### Information provided
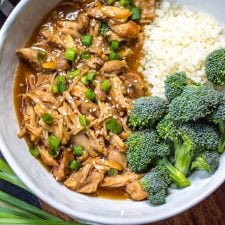 Add in the arrowroot water mixture and set the instant pot to “sauté”. Stir to mix in the arrowroot and let the sauce come to a simmer to thicken. While it’s thickening, shred the chicken thighs using two forks and add the shredded chicken back into the instant pot.
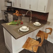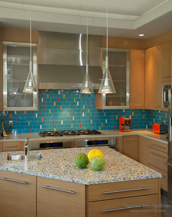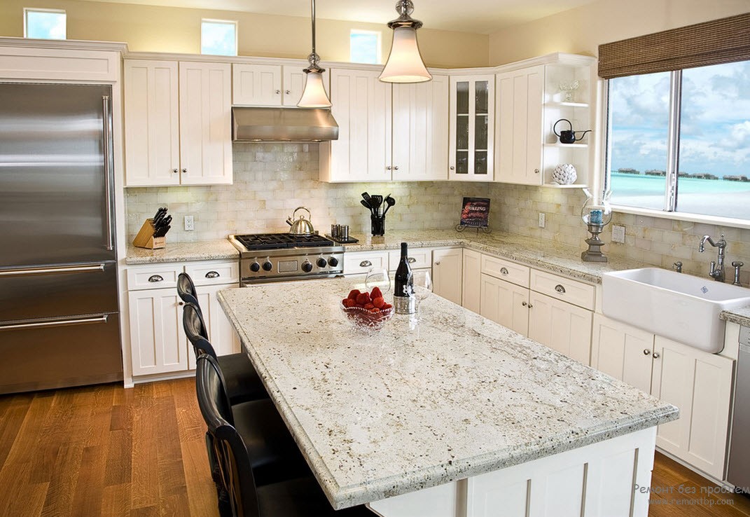 Сталь – прочный материал, но хромированные металлические поверхности могут использоваться только в рамках конкретных стилей интерьера. Натуральный камень – лучший из материалов, поскольку является высокодекоративным и прочным, единственный недостаток – стоимость. Как альтернатива используется искусственный камень, который имеет все декоративные свойства натурального и немного уступает в прочности. Ударопрочное стекло редко используется в виде материала для столешниц, поскольку сложная обработка материала, для придания ему прочности, сказывается на итоговой стоимости, к тому же стеклянные поверхности могут использоваться только в некоторых современных направлениях дизайна. ДСП, выполняющее роль основы столешницы и пластик, отличается достаточным уровнем прочности и при этом предлагает очень широкий ассортимент цвета.
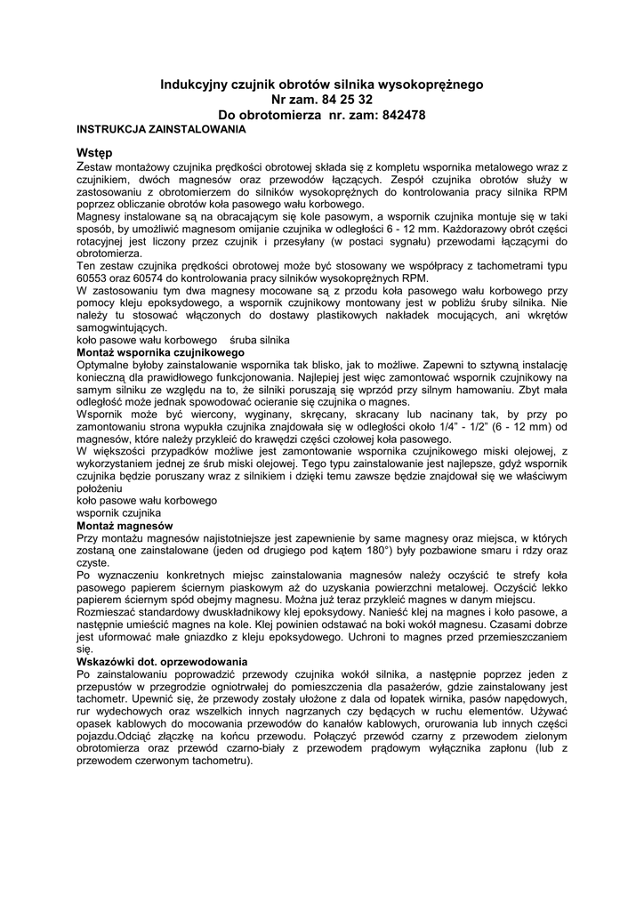 Indukcyjny czujnik obrotów silnika wysokoprężnego Nr zam. 84 25 32 Do obrotomierza nr. zam: 842478 INSTRUKCJA ZAINSTALOWANIA Wstęp Zestaw montażowy czujnika prędkości obrotowej składa się z kompletu wspornika metalowego wraz z czujnikiem, dwóch magnesów oraz przewodów łączących. Zespół czujnika obrotów służy w zastosowaniu z obrotomierzem do silników wysokoprężnych do kontrolowania pracy silnika RPM poprzez obliczanie obrotów koła pasowego wału korbowego. Magnesy instalowane są na obracającym się kole pasowym, a wspornik czujnika montuje się w taki sposób, by umożliwić magnesom omijanie czujnika w odległości 6 - 12 mm. Każdorazowy obrót części rotacyjnej jest liczony przez czujnik i przesyłany (w postaci sygnału) przewodami łączącymi do obrotomierza. Ten zestaw czujnika prędkości obrotowej może być stosowany we współpracy z tachometrami typu 60553 oraz 60574 do kontrolowania pracy silników wysokoprężnych RPM. W zastosowaniu tym dwa magnesy mocowane są z przodu koła pasowego wału korbowego przy pomocy kleju epoksydowego, a wspornik czujnikowy montowany jest w pobliżu śruby silnika. Nie należy tu stosować włączonych do dostawy plastikowych nakładek mocujących, ani wkrętów samogwintujących. koło pasowe wału korbowego śruba silnika Montaż wspornika czujnikowego Optymalne byłoby zainstalowanie wspornika tak blisko, jak to możliwe. Zapewni to sztywną instalację konieczną dla prawidłowego funkcjonowania. Najlepiej jest więc zamontować wspornik czujnikowy na samym silniku ze względu na to, że silniki poruszają się wprzód przy silnym hamowaniu. Zbyt mała odległość może jednak spowodować ocieranie się czujnika o magnes. Wspornik może być wiercony, wyginany, skręcany, skracany lub nacinany tak, by przy po zamontowaniu strona wypukła czujnika znajdowała się w odległości około 1/4” - 1/2” (6 - 12 mm) od magnesów, które należy przykleić do krawędzi części czołowej koła pasowego. W większości przypadków możliwe jest zamontowanie wspornika czujnikowego miski olejowej, z wykorzystaniem jednej ze śrub miski olejowej. Tego typu zainstalowanie jest najlepsze, gdyż wspornik czujnika będzie poruszany wraz z silnikiem i dzięki temu zawsze będzie znajdował się we właściwym położeniu koło pasowe wału korbowego wspornik czujnika Montaż magnesów Przy montażu magnesów najistotniejsze jest zapewnienie by same magnesy oraz miejsca, w których zostaną one zainstalowane (jeden od drugiego pod kątem 180°) były pozbawione smaru i rdzy oraz czyste. Po wyznaczeniu konkretnych miejsc zainstalowania magnesów należy oczyścić te strefy koła pasowego papierem ściernym piaskowym aż do uzyskania powierzchni metalowej. Oczyścić lekko papierem ściernym spód obejmy magnesu. Można już teraz przykleić magnes w danym miejscu. Rozmieszać standardowy dwuskładnikowy klej epoksydowy. Nanieść klej na magnes i koło pasowe, a następnie umieścić magnes na kole. Klej powinien odstawać na boki wokół magnesu. Czasami dobrze jest uformować małe gniazdko z kleju epoksydowego. Uchroni to magnes przed przemieszczaniem się. Wskazówki dot. oprzewodowania Po zainstalowaniu poprowadzić przewody czujnika wokół silnika, a następnie poprzez jeden z przepustów w przegrodzie ogniotrwałej do pomieszczenia dla pasażerów, gdzie zainstalowany jest tachometr. Upewnić się, że przewody zostały ułożone z dala od łopatek wirnika, pasów napędowych, rur wydechowych oraz wszelkich innych nagrzanych czy będących w ruchu elementów. Używać opasek kablowych do mocowania przewodów do kanałów kablowych, orurowania lub innych części pojazdu.Odciąć złączkę na końcu przewodu. Połączyć przewód czarny z przewodem zielonym obrotomierza oraz przewód czarno-biały z przewodem prądowym wyłącznika zapłonu (lub z przewodem czerwonym tachometru). Obrotomierz cyfrowy do silników wysokoprężnych 6625 Nr zam. 84 24 78 (Dostawa nie obejmuje indukcyjnego czujnika obrotów: Nr zam. 842532) INSTRUKCJA OBSŁUGI Stosowanie zgodne z przeznaczeniem Obrotomierz cyfrowy do silników wysokoprężnych został zaprojektowany i wykonany wyłącznie do wskazywania prędkości obrotowej silników i może być instalowany jedynie w pojazdach o napięciu stałym 12 V (znakiem „-” do karoserii). Podłączenie „+” odbywa się poprzez przewód dodatni stacyjki zapłonowej (skrzynka bezpieczników) znakiem „-” do karoserii (masy) samochodu. Zakres dostawy nie obejmuje indukcyjnego czujnika obrotów, który należy zamontować na kole zamachowym wału korbowego. Objęty dostawą materiał montażowy pozwala wbudować urządzenie (moduł wyświetlacza) do tablicy przyrządów wzgl. zamontować je na lub pod tablicą przyrządów. Urządzenie należy zamontować tak, by można było z niego korzystać, nie powodując ograniczenia bezpieczeństwa ruchu drogowego. Uwzględnić wskazania zawarte w instrukcji obsługi samochodu. Przed zamontowaniem upewnić się w warsztacie serwisowym, czy zainstalowanie jest możliwe w Waszym samochodzie. Eksploatacja obrotomierza dopuszczona jest wyłącznie wewnątrz pojazdu, a więc nie na wolnym powietrzu. Unikać bezwzględnie kontaktu z wilgocią oraz z wodą! Zastosowania, odbiegające od uprzednio opisanych, prowadzą do uszkodzenia wyrobu, co dodatkowo związane jest np. z ryzykiem zwarcia, pożaru, porażenia prądem elektrycznym itp. Nie wolno dokonywać zmian, czy modyfikacji w obrębie urządzenia, ani otwierać obudowy! Należy bezwzględnie przestrzegać wskazań dot. bezpieczeństwa pracy! Wskazania dot. bezpieczeństwa pracy Dla zapewnienia bezpiecznej eksploatacji obrotomierza konieczne jest stosowanie urządzenia zgodnie z przeznaczeniem oraz przestrzeganie przez Użytkownika wskazań dot. bezpieczeństwa pracy i ostrzeżeń, zawartych w niniejszej instrukcji obsługi. Napięcie zasilania wynosi 12 V DC (napięcie stałe). Urządzenie może być p

### Required work
Copy out all of the material exactly as written, without its pictures.

### Solution
 Add in the arrowroot water mixture and set the instant pot to “sauté”. Stir to mix in the arrowroot and let the sauce come to a simmer to thicken. While it’s thickening, shred the chicken thighs using two forks and add the shredded chicken back into the instant pot.
 Сталь – прочный материал, но хромированные металлические поверхности могут использоваться только в рамках конкретных стилей интерьера. Натуральный камень – лучший из материалов, поскольку является высокодекоративным и прочным, единственный недостаток – стоимость. Как альтернатива используется искусственный камень, который имеет все декоративные свойства натурального и немного уступает в прочности. Ударопрочное стекло редко используется в виде материала для столешниц, поскольку сложная обработка материала, для придания ему прочности, сказывается на итоговой стоимости, к тому же стеклянные поверхности могут использоваться только в некоторых современных направлениях дизайна. ДСП, выполняющее роль основы столешницы и пластик, отличается достаточным уровнем прочности и при этом предлагает очень широкий ассортимент цвета.
 Indukcyjny czujnik obrotów silnika wysokoprężnego Nr zam. 84 25 32 Do obrotomierza nr. zam: 842478 INSTRUKCJA ZAINSTALOWANIA Wstęp Zestaw montażowy czujnika prędkości obrotowej składa się z kompletu wspornika metalowego wraz z czujnikiem, dwóch magnesów oraz przewodów łączących. Zespół czujnika obrotów służy w zastosowaniu z obrotomierzem do silników wysokoprężnych do kontrolowania pracy silnika RPM poprzez obliczanie obrotów koła pasowego wału korbowego. Magnesy instalowane są na obracającym się kole pasowym, a wspornik czujnika montuje się w taki sposób, by umożliwić magnesom omijanie czujnika w odległości 6 - 12 mm. Każdorazowy obrót części rotacyjnej jest liczony przez czujnik i przesyłany (w postaci sygnału) przewodami łączącymi do obrotomierza. Ten zestaw czujnika prędkości obrotowej może być stosowany we współpracy z tachometrami typu 60553 oraz 60574 do kontrolowania pracy silników wysokoprężnych RPM. W zastosowaniu tym dwa magnesy mocowane są z przodu koła pasowego wału korbowego przy pomocy kleju epoksydowego, a wspornik czujnikowy montowany jest w pobliżu śruby silnika. Nie należy tu stosować włączonych do dostawy plastikowych nakładek mocujących, ani wkrętów samogwintujących. koło pasowe wału korbowego śruba silnika Montaż wspornika czujnikowego Optymalne byłoby zainstalowanie wspornika tak blisko, jak to możliwe. Zapewni to sztywną instalację konieczną dla prawidłowego funkcjonowania. Najlepiej jest więc zamontować wspornik czujnikowy na samym silniku ze względu na to, że silniki poruszają się wprzód przy silnym hamowaniu. Zbyt mała odległość może jednak spowodować ocieranie się czujnika o magnes. Wspornik może być wiercony, wyginany, skręcany, skracany lub nacinany tak, by przy po zamontowaniu strona wypukła czujnika znajdowała się w odległości około 1/4” - 1/2” (6 - 12 mm) od magnesów, które należy przykleić do krawędzi części czołowej koła pasowego. W większości przypadków możliwe jest zamontowanie wspornika czujnikowego miski olejowej, z wykorzystaniem jednej ze śrub miski olejowej. Tego typu zainstalowanie jest najlepsze, gdyż wspornik czujnika będzie poruszany wraz z silnikiem i dzięki temu zawsze będzie znajdował się we właściwym położeniu koło pasowe wału korbowego wspornik czujnika Montaż magnesów Przy montażu magnesów najistotniejsze jest zapewnienie by same magnesy oraz miejsca, w których zostaną one zainstalowane (jeden od drugiego pod kątem 180°) były pozbawione smaru i rdzy oraz czyste. Po wyznaczeniu konkretnych miejsc zainstalowania magnesów należy oczyścić te strefy koła pasowego papierem ściernym piaskowym aż do uzyskania powierzchni metalowej. Oczyścić lekko papierem ściernym spód obejmy magnesu. Można już teraz przykleić magnes w danym miejscu. Rozmieszać standardowy dwuskładnikowy klej epoksydowy. Nanieść klej na magnes i koło pasowe, a następnie umieścić magnes na kole. Klej powinien odstawać na boki wokół magnesu. Czasami dobrze jest uformować małe gniazdko z kleju epoksydowego. Uchroni to magnes przed przemieszczaniem się. Wskazówki dot. oprzewodowania Po zainstalowaniu poprowadzić przewody czujnika wokół silnika, a następnie poprzez jeden z przepustów w przegrodzie ogniotrwałej do pomieszczenia dla pasażerów, gdzie zainstalowany jest tachometr. Upewnić się, że przewody zostały ułożone z dala od łopatek wirnika, pasów napędowych, rur wydechowych oraz wszelkich innych nagrzanych czy będących w ruchu elementów. Używać opasek kablowych do mocowania przewodów do kanałów kablowych, orurowania lub innych części pojazdu.Odciąć złączkę na końcu przewodu. Połączyć przewód czarny z przewodem zielonym obrotomierza oraz przewód czarno-biały z przewodem prądowym wyłącznika zapłonu (lub z przewodem czerwonym tachometru). Obrotomierz cyfrowy do silników wysokoprężnych 6625 Nr zam. 84 24 78 (Dostawa nie obejmuje indukcyjnego czujnika obrotów: Nr zam. 842532) INSTRUKCJA OBSŁUGI Stosowanie zgodne z przeznaczeniem Obrotomierz cyfrowy do silników wysokoprężnych został zaprojektowany i wykonany wyłącznie do wskazywania prędkości obrotowej silników i może być instalowany jedynie w pojazdach o napięciu stałym 12 V (znakiem „-” do karoserii). Podłączenie „+” odbywa się poprzez przewód dodatni stacyjki zapłonowej (skrzynka bezpieczników) znakiem „-” do karoserii (masy) samochodu. Zakres dostawy nie obejmuje indukcyjnego czujnika obrotów, który należy zamontować na kole zamachowym wału korbowego. Objęty dostawą materiał montażowy pozwala wbudować urządzenie (moduł wyświetlacza) do tablicy przyrządów wzgl. zamontować je na lub pod tablicą przyrządów. Urządzenie należy zamontować tak, by można było z niego korzystać, nie powodując ograniczenia bezpieczeństwa ruchu drogowego. Uwzględnić wskazania zawarte w instrukcji obsługi samochodu. Przed zamontowaniem upewnić się w warsztacie serwisowym, czy zainstalowanie jest możliwe w Waszym samochodzie. Eksploatacja obrotomierza dopuszczona jest wyłącznie wewnątrz pojazdu, a więc nie na wolnym powietrzu. Unikać bezwzględnie kontaktu z wilgocią oraz z wodą! Zastosowania, odbiegające od uprzednio opisanych, prowadzą do uszkodzenia wyrobu, co dodatkowo związane jest np. z ryzykiem zwarcia, pożaru, porażenia prądem elektrycznym itp. Nie wolno dokonywać zmian, czy modyfikacji w obrębie urządzenia, ani otwierać obudowy! Należy bezwzględnie przestrzegać wskazań dot. bezpieczeństwa pracy! Wskazania dot. bezpieczeństwa pracy Dla zapewnienia bezpiecznej eksploatacji obrotomierza konieczne jest stosowanie urządzenia zgodnie z przeznaczeniem oraz przestrzeganie przez Użytkownika wskazań dot. bezpieczeństwa pracy i ostrzeżeń, zawartych w niniejszej instrukcji obsługi. Napięcie zasilania wynosi 12 V DC (napięcie stałe). Urządzenie może być p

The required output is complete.